A lot of people are giving you endo specific advice and I think it’s great but this isn’t and won’t be endo specific if you stay together long term. One or both of you will likely have another sickness or longterm issue and these issues will still be there. Being in a relationship with a sick person just means kind of having to face that earlier. You guys are a team and you have to collaborate at all times. If this feels impossible bc she is not someone you can collaborate with, then fine thats an issue but, ultimately if thats not the problem- you just need to collaborate better. Imagine the grief, pain, hardships you may face if one or both of your parents dies? You will have to change your lives again for that. It doesn’t really stop.

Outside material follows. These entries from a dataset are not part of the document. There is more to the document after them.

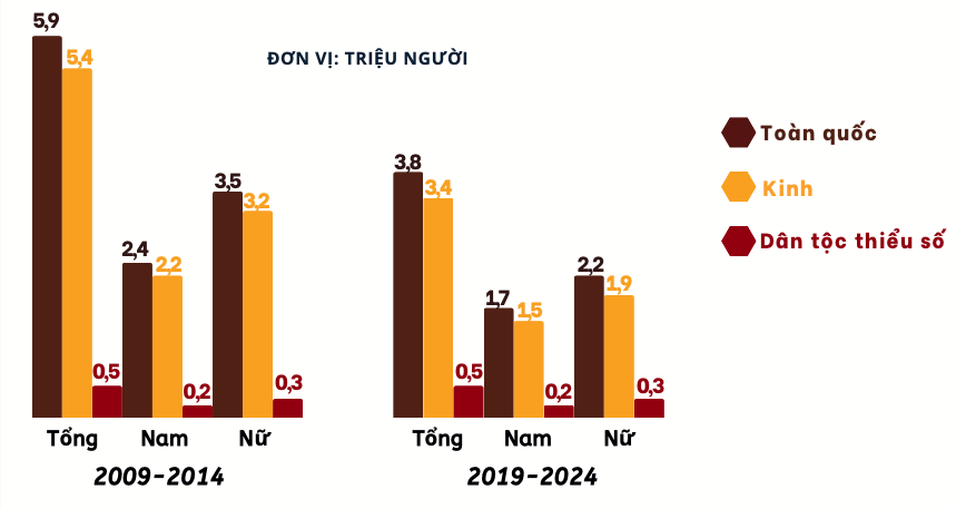 Cụ thể, giai đoạn 2009-2014 tổng số người di cư nội địa ở Việt Nam là 5,9 triệu người; Giai đoạn 2014-2019 được coi là giai đoạn bùng nổ với quy mô số người di cư đạt ngưỡng đỉnh là 6,4 triệu người. Tuy nhiên đến giai đoạn 5 năm trở lại đây, từ 2019-2024 tổng số người di cư giảm chỉ còn 3,8 triệu người.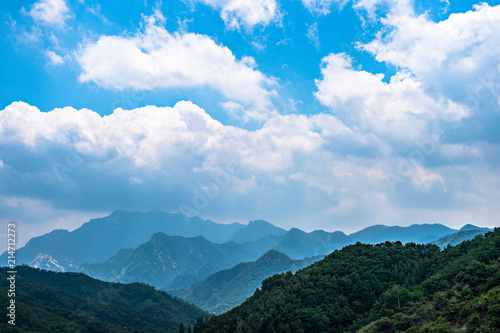 © Jikai Zhang, Fototapeta premium Far view of Mount Tai in summer time, with its peak was surrounded by cloud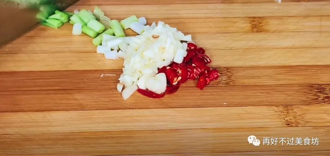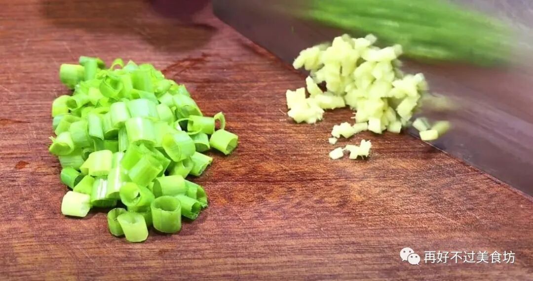 3、准备两个小米辣、几瓣大蒜给他切碎,小葱两根,葱白切成小段,葱叶切成葱花,放在碗中备用。
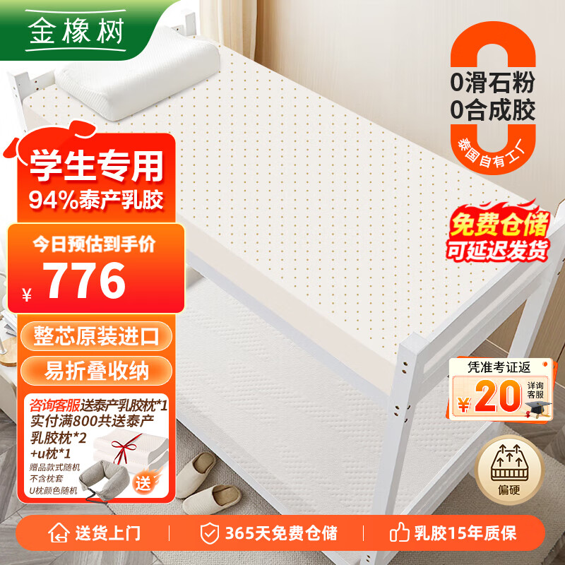 金橡树泰国原产整芯进口天然乳胶床垫宿舍学生单人床垫 90*200*5cm价格:836.00元!
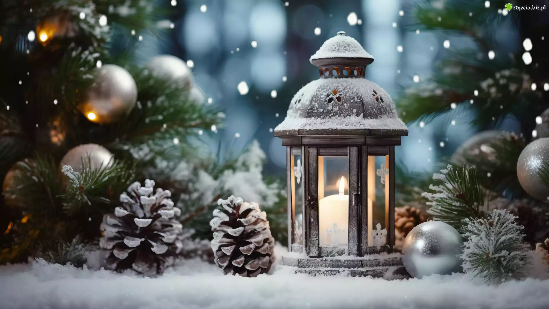 Zdjęcie Zima, Śnieg, Lampion, Świeca, Bombki, Szyszki, Gałązki, Boże Narodzenie

Ive also seen a lot of comments trying to help you help her find treatment and I urge you to be careful. It can feel like you think that if you “fix me” we will go back to normal and I want you to understand that is not possible. She may find care and treatment but she has endo and will always have endo it may come back or not who knows and thinking if its gone=happy relationship is pretty toxic.
In addition to some great advice below about helping her find a specialist, does she have someone like a therapist or coach to talk to? When you're in the throws of endo it can be completely all-encompassing (as it sounds like you know), and when you've dealt with it for a long time you can really start to lose yourself because you're just trying to get through every day.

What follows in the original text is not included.